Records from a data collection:
---------------

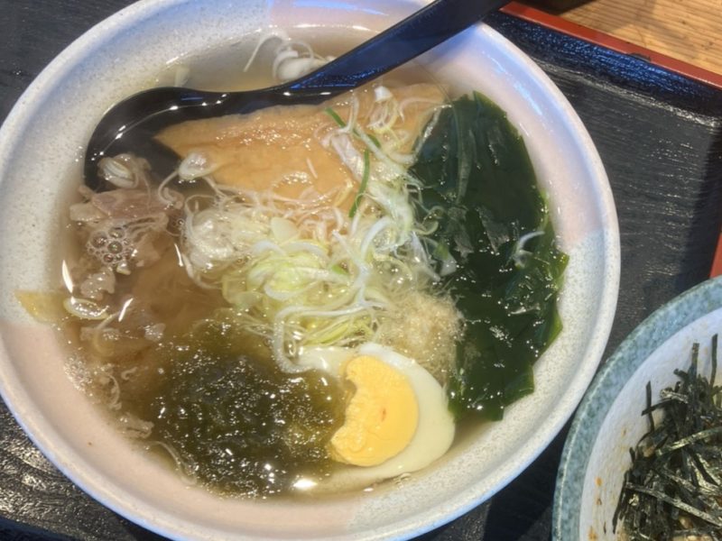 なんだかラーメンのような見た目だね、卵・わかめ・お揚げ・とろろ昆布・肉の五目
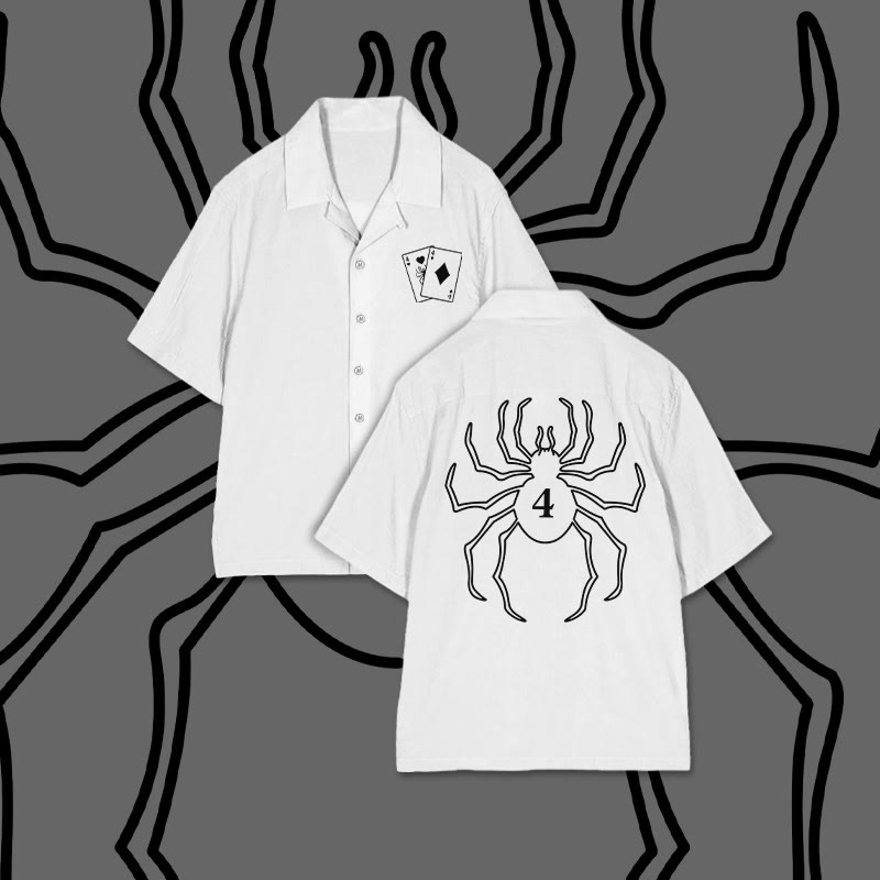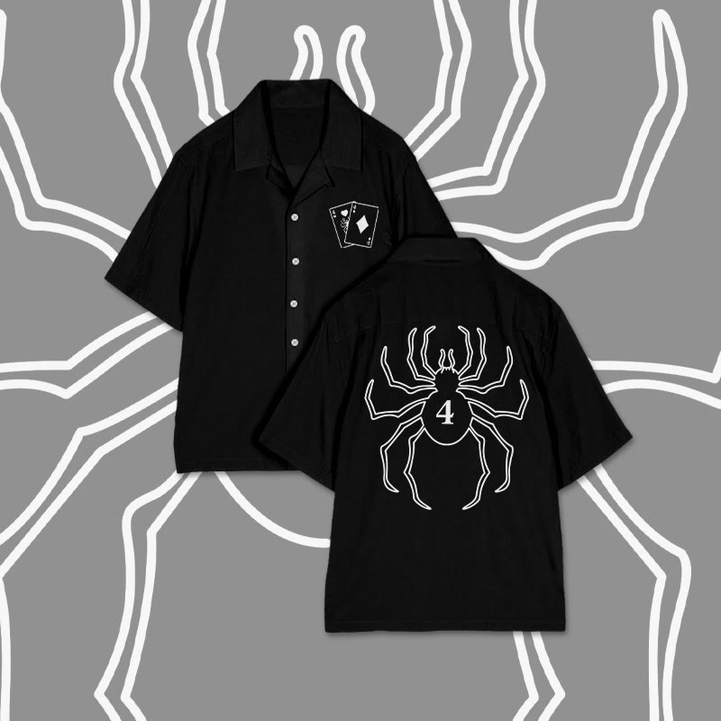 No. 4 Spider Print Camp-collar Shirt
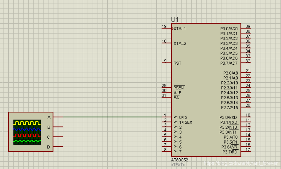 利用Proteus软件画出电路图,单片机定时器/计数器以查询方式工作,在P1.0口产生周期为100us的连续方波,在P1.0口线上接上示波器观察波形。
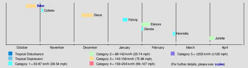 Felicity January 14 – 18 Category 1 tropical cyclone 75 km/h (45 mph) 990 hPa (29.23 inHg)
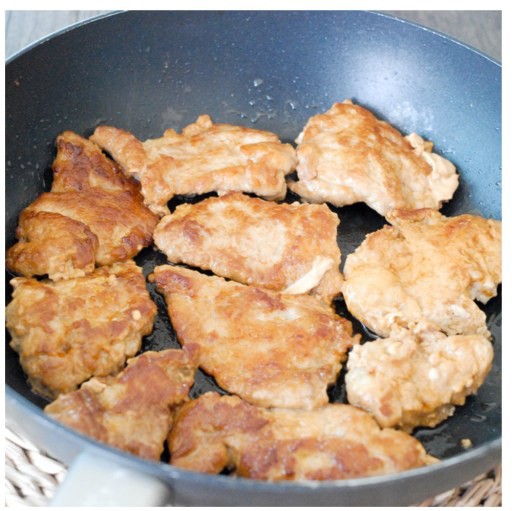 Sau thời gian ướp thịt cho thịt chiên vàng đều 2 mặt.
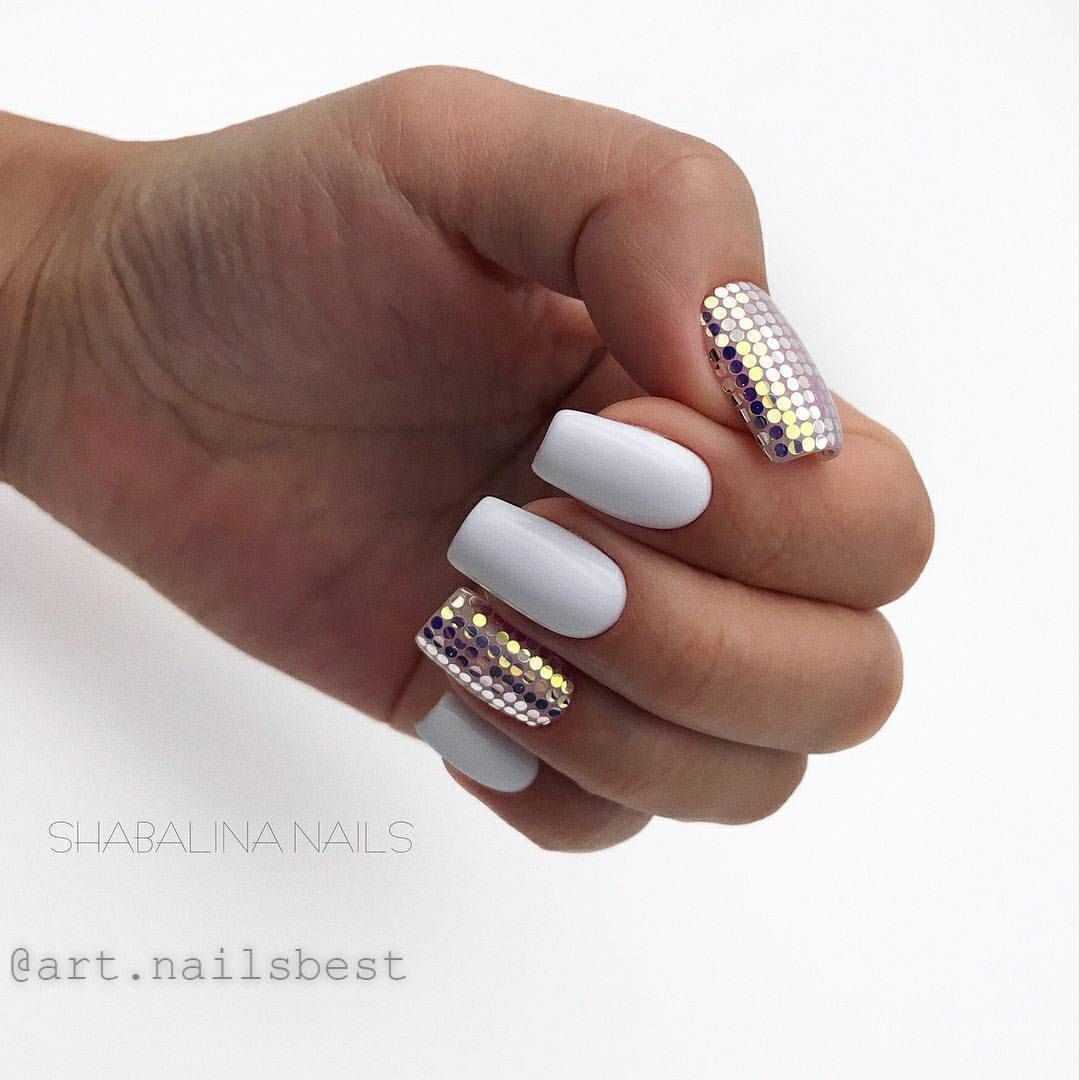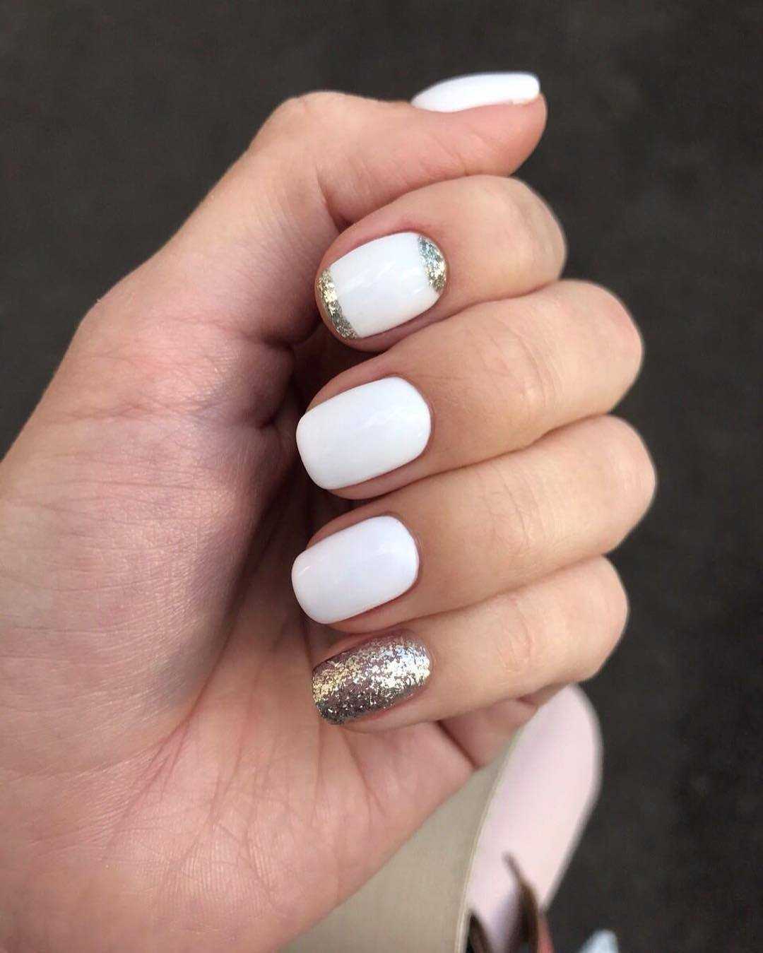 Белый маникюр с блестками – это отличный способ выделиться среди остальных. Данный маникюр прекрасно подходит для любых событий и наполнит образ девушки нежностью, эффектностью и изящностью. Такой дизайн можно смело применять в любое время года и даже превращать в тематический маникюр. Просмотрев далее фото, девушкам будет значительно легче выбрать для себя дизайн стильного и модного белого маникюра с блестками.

---------------

● Task to complete
Output every entry exactly, leaving out pictures.

● Solution for this exercise
 なんだかラーメンのような見た目だね、卵・わかめ・お揚げ・とろろ昆布・肉の五目
 No. 4 Spider Print Camp-collar Shirt
 利用Proteus软件画出电路图,单片机定时器/计数器以查询方式工作,在P1.0口产生周期为100us的连续方波,在P1.0口线上接上示波器观察波形。
 Felicity January 14 – 18 Category 1 tropical cyclone 75 km/h (45 mph) 990 hPa (29.23 inHg)
 Sau thời gian ướp thịt cho thịt chiên vàng đều 2 mặt.
 Белый маникюр с блестками – это отличный способ выделиться среди остальных. Данный маникюр прекрасно подходит для любых событий и наполнит образ девушки нежностью, эффектностью и изящностью. Такой дизайн можно смело применять в любое время года и даже превращать в тематический маникюр. Просмотрев далее фото, девушкам будет значительно легче выбрать для себя дизайн стильного и модного белого маникюра с блестками.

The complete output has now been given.